Rice MR, Alvanos L, Kenney B. Pediatrics 2000; 105(3 Pt 1): 615-619.

Affiliation

Pediatric Trauma Services, Toledo Children's Hospital, OH 43606, USA. manda.rice@promedica.org

Copyright

(Copyright © 2000, American Academy of Pediatrics)

DOI

unavailable

PMID

10699118

Abstract

BACKGROUND: Snowmobiling is a popular family sport, with annual expenditures over $9 billion. The size and speed of snowmobiles make them potentially dangerous to children. Pediatric snowmobile-related trauma has not been studied in the United States. METHODS: We analyzed 291 pediatric snowmobile- related injuries and 75 deaths reported to the Consumer Product Safety Commission from 1990 to 1998. We reviewed snowmobile legislation in the states that reported at least 1 death to the Consumer Product Safety Commission during this time period. RESULTS: The most common sites of injury were the extremities (48.8%) and the head, neck, and face (28.2%). Head and neck injuries were the predominant cause of death (66.7%). The most common diagnosis was contusion/abrasion (30.9%), followed by laceration (22%), fracture (20.3%), and strain/sprain (14.4%). Nonfatal injuries most often involved ejection from the snowmobile (26.1%), but striking a stationary object was the most common mechanism in fatal crashes. The review of state legislation revealed that few age restrictions or helmet laws exist. Children as young as 8 years old may legally operate a snowmobile in some states. Often, restrictions do not apply to snowmobile use on private property, where 43% of pediatric snowmobile-related injuries occurred.
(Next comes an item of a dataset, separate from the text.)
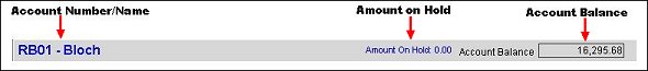 The Account Header, found directly above the account grid, displays the account name and number, the amount on hold (if any), and the total account balance.
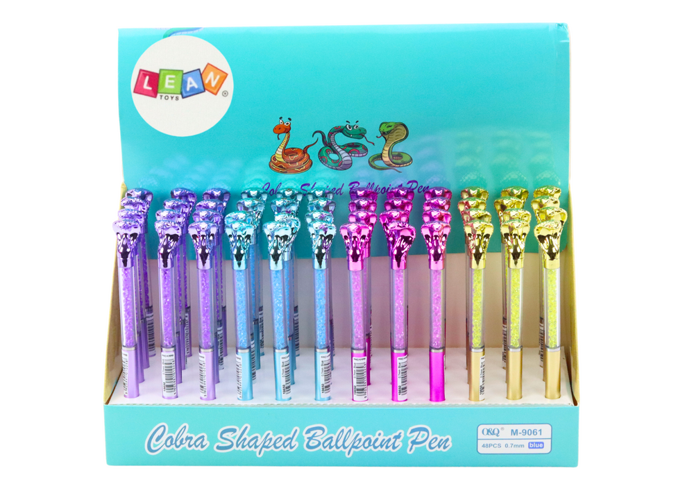 Der Cobra Kugelschreiber Diamonds Blue Refill 0,7 mm Mix ist die perfekte Kombination aus Stil und einzigartigem Design. Dieser elegante Stift, der am Ende mit einer Kobra verziert ist, fällt sofort ins Auge. Das transparente Gehäuse mit kleinen Diamanten funkelt dezent im Licht. Mit seiner blauen Tinte ist dieser Kugelschreiber ideal für den täglichen Gebrauch, sodass Sie immer mit Stil schreiben können.

CONCLUSIONS: Head, neck, and face injuries are common nonfatal injuries and are the most common cause of death. State legislation often lacks age restrictions on private property, and laws requiring helmet use are rare. Legislators have not addressed the dangers of pediatric snowmobile-related injuries. Helmet laws and age restrictions similar to those enacted for motorcycle riders are necessary and appropriate.